POINTE-À-PITRE, Guadeloupe (LifeSiteNews) — A French hospital worker has embarked on a 27-day hunger strike to protest the suspension of unvaccinated healthcare workers.
“I find this law to be inhumane because it almost pushed more than four hundred families of hospital workers and firefighters out on the street with no appeal possible,” said healthcare worker Denis Deloumeaux in a recent interview with French radio channel Sud Radio.
Deloumeaux, a worker at the hospital of Pointe-à-Pitre, on the French island of Guadeloupe, recently ended a 27-day hunger strike which he started on February 12 as a way to protest the suspension of healthcare workers who refused to get vaccinated against COVID-19.
Since July 2021, healthcare workers in France and French overseas territories have been protesting a law introduced by French President Emmanuel Macron that compels them to be vaccinated against COVID-19 or risk losing their livelihoods.
Deloumeaux was among these workers who got suspended for failure to get vaccinated and has been without pay since October 2021.
He explained that he refused to be vaccinated because he does not consider that a vaccine which received only a conditional authorization should be imposed on the population.
He mentioned a number of French scientists known for their criticism of the COVID-19 vaccine, including Dr. Raoult and Dr. Perrone, whom he described as “brave and eminent scientists who are suddenly being discredited.”
Deloumeaux added that he was reluctant to be vaccinated because of the many reports of adverse reaction to the COVID jab in France alone.
“After only 14 months we already have 200,000 reports of adverse events,” he said.
He compared this to the hepatitis vaccine which he said has had “less than 50,000 adverse events over more than ten years.”
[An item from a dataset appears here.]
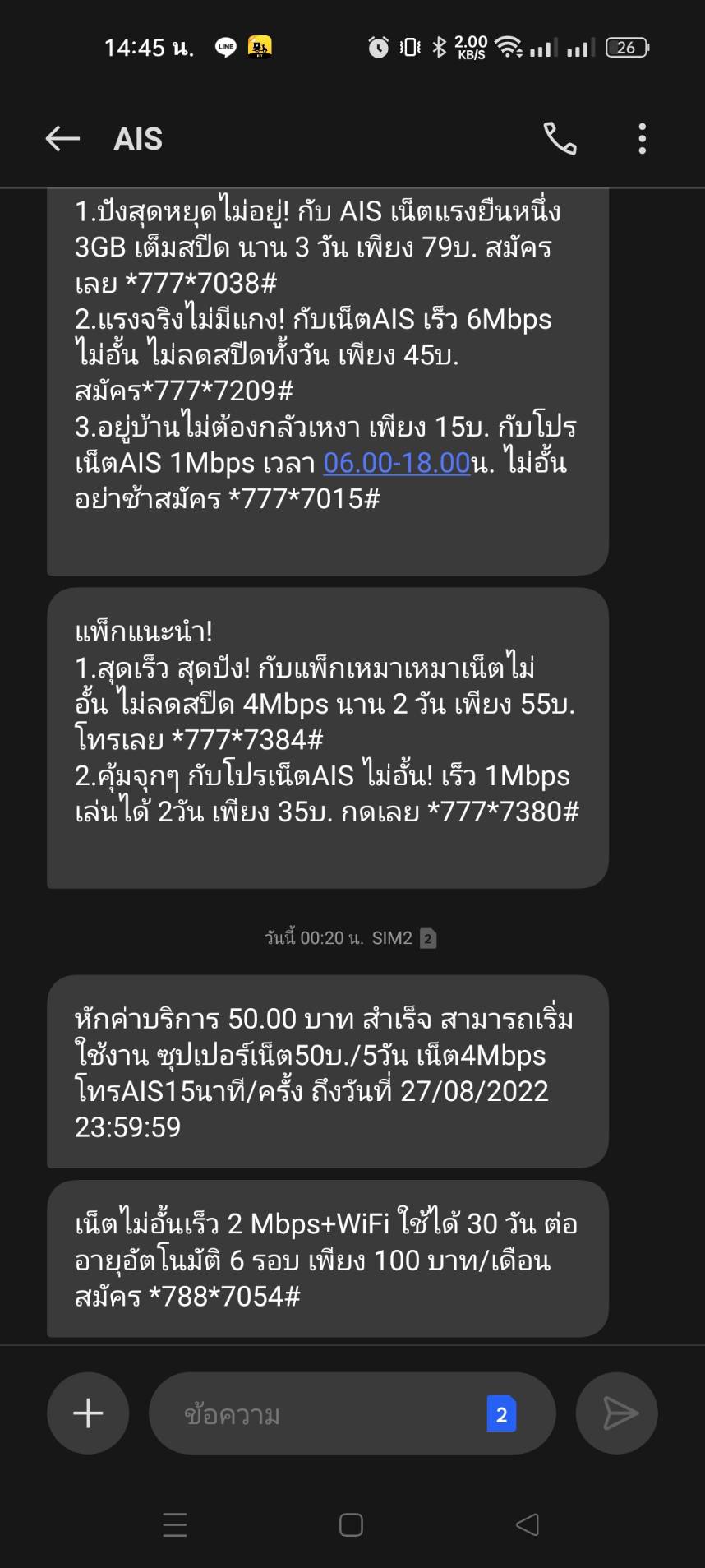 สมาร์ท-กฤตยชญ์ ขอขอบคุณที่สนใจข้อมูลของ AIS นะครับ ไม่ต้องเป็นกังวลใจ ยินดีตรวจสอบให้ครับ สามารถแจ้งเบอร์ที่ใช้งานและแพ็กเกจเสริมที่กดสมัครเข้ามาทางหลังไมค์ได้เลยครับ

The healthcare worker explained that all this contributes to a great lack of trust in the government and the vaccines in Guadeloupe, a phenomenon exacerbated by past industrial scandals such that involving chlordecone, a toxic compound used as an insecticide which caused a high number of prostate cancers in Guadeloupe.
According to Deloumeaux, “more than 70% of Guadeloupe’s population remains completely unvaccinated,” and “less than 18% have been fully vaccinated.”
The 52-year-old administrator and accountant for the pharmacy of the Pointe-à-Pitre hospital said his hunger strike was a way to fight for all healthcare workers of Guadeloupe.
“I consider it unfair that fathers and mothers who have committed no professional faults are left almost homeless from one day to the next,” he said.
“We have cases of married couples, mothers and fathers, who both worked at the hospital and were both suspended … children who study in metropolitan France who couldn’t pay their rent and have had to come back and interrupt their studies,” he said. “To me this kind of thing is inhumane.”
Deloumeaux called for all healthcare workers in metropolitan France and Guadeloupe to be reintegrated and insisted that he was not against vaccines in general but against the COVID vaccine and mandatory vaccination.
“We’re against this particular vaccine because it only has conditional authorization. Right now, we’re in the pharmacovigilance phase — we used to wait five to six years to conduct studies, now we have to conduct them less than fourteen months into the vaccination campaign,” he said.
In the last days of his hunger strike, Deloumeaux started experiencing chest pains and heart issues. His cardiologist had to take over toward the end of his interview with Radio Sud, as the father of four “was starting to show some minor symptoms.”
A couple of days ago, it was announced that Deloumeaux ended his 27-day hunger strike, at his family’s request and on doctor’s advice. He has since then resumed a normal diet.